The data sample used in this analysis covers transaction records from July 4, 2025, to July 31, 2025.
4. Discussion
It is evident that the adoption rate of stablecoins is continuously increasing over time, with their transaction volume and transaction count more than doubling between August 2024 and August 2025. Estimating the use of stablecoins in payments is a challenging task, and an increasing number of tools are being developed to help improve this estimate. This study utilizes the labeling data provided by Artemis to explore and estimate the use of stablecoin payments recorded on the blockchain (Ethereum).
Our estimates indicate that stablecoin payments account for 47% of the total transaction volume (35% if internal B-type transactions are excluded). Given our relatively few restrictions on payment classification (mainly based on EOA-EOA transfers), this estimate can be viewed as an upper limit.
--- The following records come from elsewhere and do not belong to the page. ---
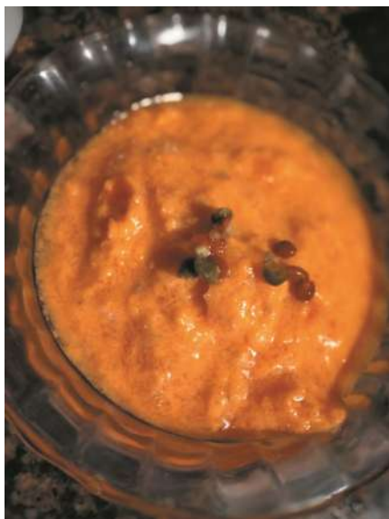
Yasgua con ajíes "quitucho". (L. A. S. Gimenez)

den con la tapa abajo y de esta manera se genere vacío, sobre la mesada esterilizada; luego que se hayan enfriado por completo deben almacenarlos en un lugar oscuro durante 15 días, transcurrido ese tiempo ya puede ser consumido. Generalmente se utilizan estos quituchos así preparados para agregar a los guisos o como integrante de la "yasgua" para asado, picante de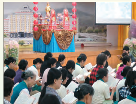
▲觀世音菩薩聖誕法會，大眾虔誠踴躍參加。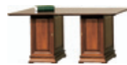
SE-2 pomocnik W 745 S 2200 G 850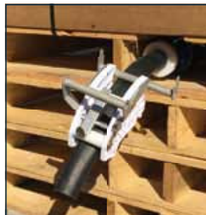
2. Trek de rubberen slang door de kraan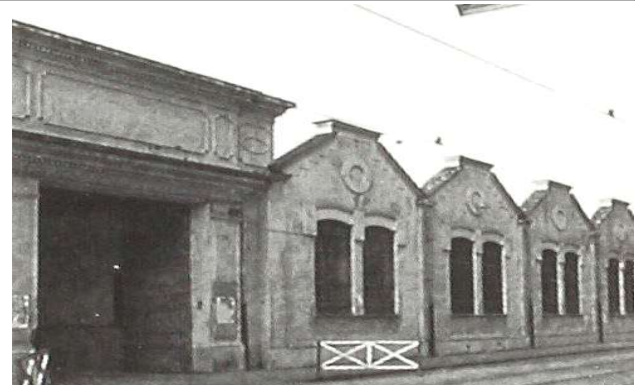
Immagine dei primi anni Ottanta del Novecento

Immagine dei primi anni Ottanta del Novecento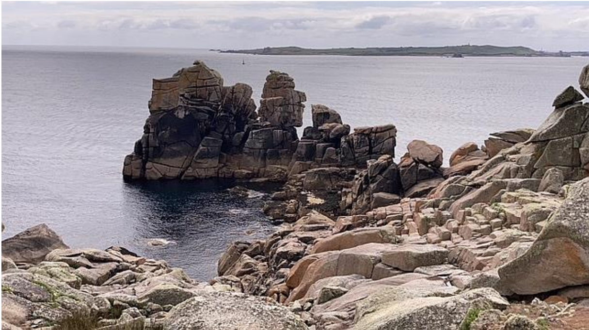
Oostkaap van de ankerbaai.

Na de kaap boog de kust naar het noordoosten en lag weer een baai, met aan de overkant een klein gehuchtje. Op de schuin oplopende oever ertegenover was het kerkhof van het eiland, met een klein kapelletje en een aantal monumentale graven, waaronder dat van Harold Wilson, in de jaren '70 voor Labour premier van Groot-Brittannië. Ik heb op een bankje van het uitzicht over de baai genoten en ben daarna via een lommerrijk paadje terug gewandeld naar Hugh Town. Toen ik in mijn bijbootje stapte landde er een bootje waarvan de bemanning mij hartelijk groette. Het waren mijn voormalige burens uit Newlyn die een dag voor mijn vertrek in de stromende regen waren vertrokken.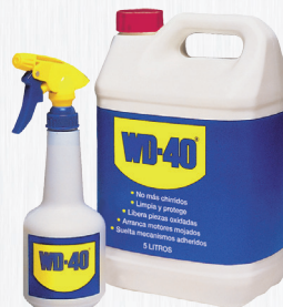
Garrafa 5 litros

O formato Dupla Acção permite uma aplicação ampla ou precisa do produto, garantindo que a cânula nunca se perderá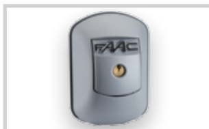
Klíčový spínač XK21 L (24 V) s odblokovacím mechanismem (externí odblokovací kit)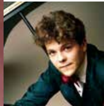
シモン・ネーリング

10月28日(土) 14:00 開演 | 全席指定 | チケット発売 会員先行 6/10(土) 一般発売 6/17(土)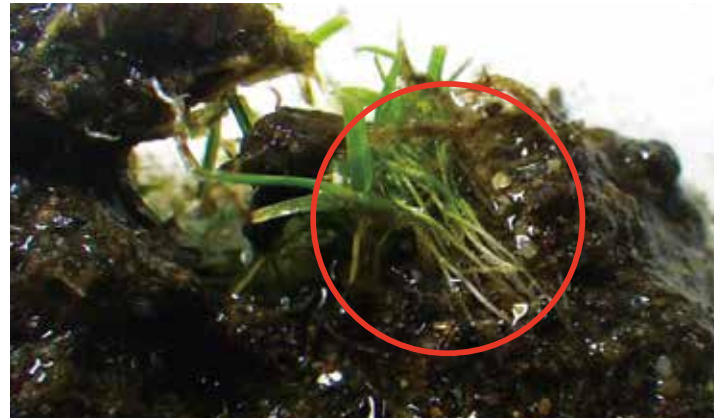
作業7日後、穴に入った種子の発芽を確認

However, researchers can further apply filtering methods based on their research objectives, such as upper and lower limits on transaction amounts. For instance, adding a minimum amount limit of $0.1 can exclude low-value transaction manipulations mentioned in Section 3.1.
In Section 3.2, by using Artemis label data, we further classified payment transactions into P2P, B2B, P2B, B2P, and internal B-type transactions. We found that P2P payments accounted for only 23.7% of the total payment transaction volume (all raw data) or 11.3% (excluding internal B-type transactions). Previous research indicated that P2P payments accounted for about 25% of stablecoin payments, and our results are comparable.
Finally, in Section 3.3, we observed that, in terms of transaction volume, most stablecoin transactions are concentrated in the top 1,000 wallets. This raises an interesting question: Is the use of stablecoins developing as a payment tool driven by intermediaries and large companies, or is it evolving as a settlement tool for P2P transactions? Time will reveal the answer.
References
<1> Yaish, A., Chemaya, N., Cong, L. W., & Malkhi, D. (2025). Inequality in the Age of Pseudonymity. arXiv preprint arXiv:2508.04668.
<2> Awrey, D., Jackson, H. E., & Massad, T. G. (2025). Stable Foundations: Towards a Robust and Bipartisan Approach to Stablecoin Legislation. Available at SSRN 5197044.
<3> Halaburda, H., Livshits, B., & Yaish, A. (2025). Platform building with fake consumers: On double dippers and airdrop farmers. NYU Stern School of Business Research Paper Forthcoming.
<4> Cong, L. W., Li, X., Tang, K., & Yang, Y. (2023). Crypto wash trading. Management Science, 69(11), 6427-6454.